West Africa’s main political and economic bloc says it will give Mali’s military transitional government 12 to 16 months to arrange elections and offered Guinea’s ruling government a month to propose a democratic transition timeline.
After a summit in Accra, leaders of the Economic Community of West African States (ECOWAS) also agreed to ask Burkina Faso’s interim leaders to reduce a proposed transition of 36 months.
The bloc’s Commission President Jean Claude Kassi Brou told a news conference that this would translate to a more acceptable timeline.
West Africa has been rocked by two coups in Mali, one in Guinea and one in Burkina Faso since August 2020 and the 15-nation ECOWAS has repeatedly condemned the military takeovers, while trying to bring power back into civilian hands.
ECOWAS has already imposed sanctions on Guinea and Mali for dragging their feet on restoring constitutional order.
Kassi Brou said those measures would be gradually lifted in Mali if its leaders respected the 12- to 16-month ultimatum. Harsher penalties will hit Guinea if it misses its own April 25 deadline, he warned.
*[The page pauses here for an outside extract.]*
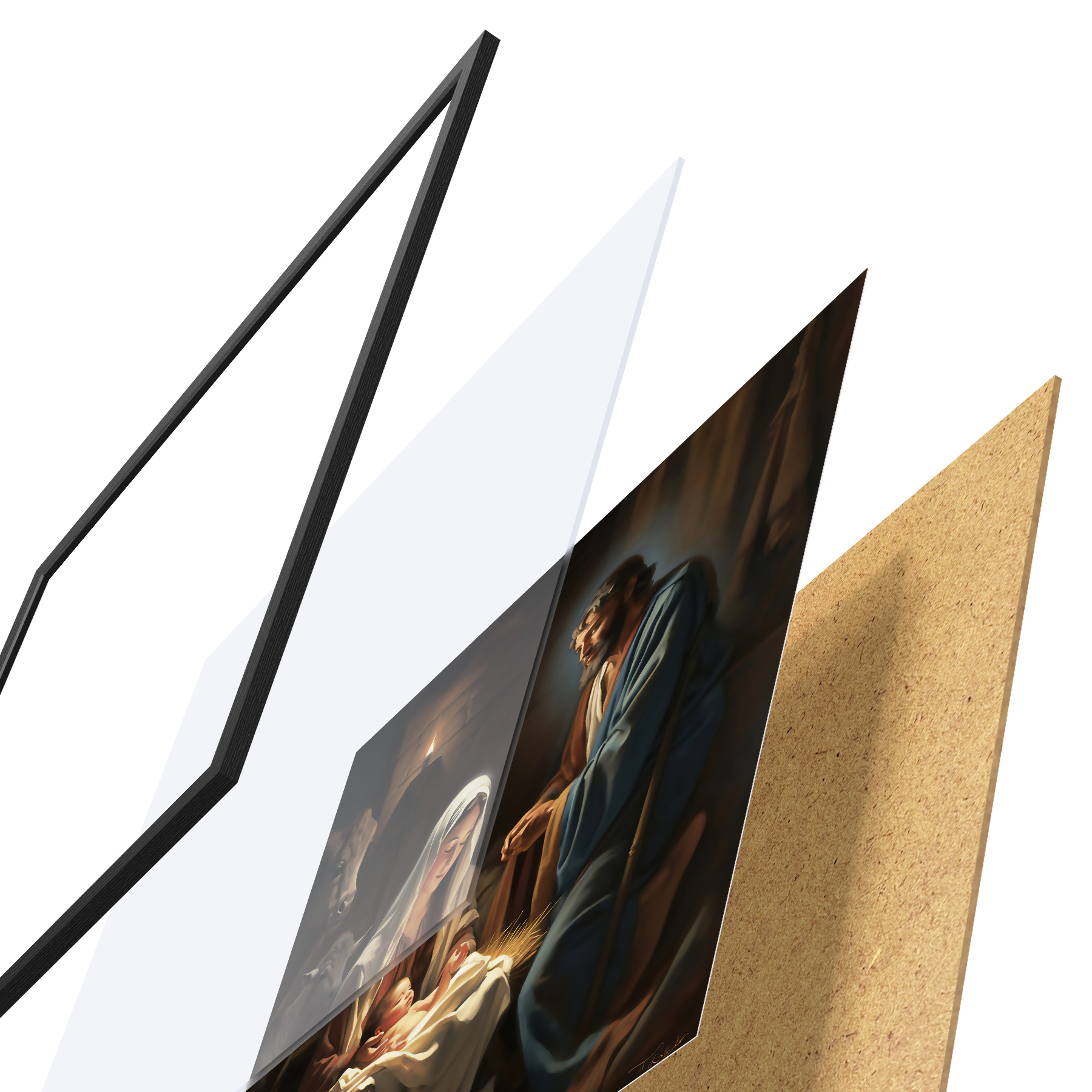 Plakat koosneb raamist, pleksiklaasist, trükitud pildist ja puitlaastplaadist alusplaadist. Tänu tagaküljel olevatele kinnitustele saab plakati kohe seinale riputada.

Mali’s interim government failed on a promise to hold elections in February and first said it would keep ruling until at least 2025, which was then revised down to 24 months.
Guinea, whose ex-President Alpha Conde was overthrown in September, has yet to lay out handover plans.
Meanwhile, Burkina Faso’s military government, which took over in January, has proposed relinquishing power after three years, raising eyebrows in ECOWAS.